(Information provided Opens)

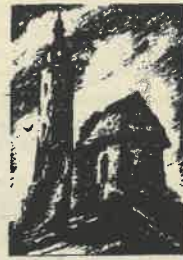
U SUSRET MARTINJU

12. studeni — PRVI GLAS DUGOG SELA (nastup debitanta, nastup »veterana«, izravni radijski prijenos)
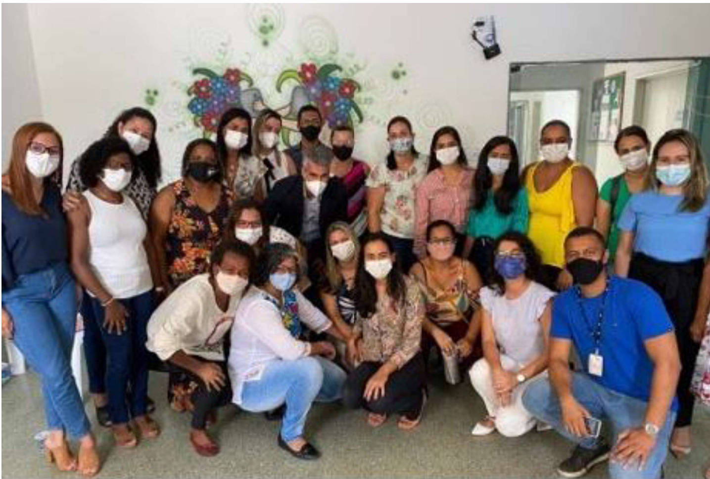
Apresentação dos trabalhos da Equipe Multidisciplinar de Inclusão

(Information provided Closes)

— Exercise description —
For this task, give the full listing again verbatim and keep out every picture.

— The answer —
U SUSRET MARTINJU

12. studeni — PRVI GLAS DUGOG SELA (nastup debitanta, nastup »veterana«, izravni radijski prijenos)
Apresentação dos trabalhos da Equipe Multidisciplinar de Inclusão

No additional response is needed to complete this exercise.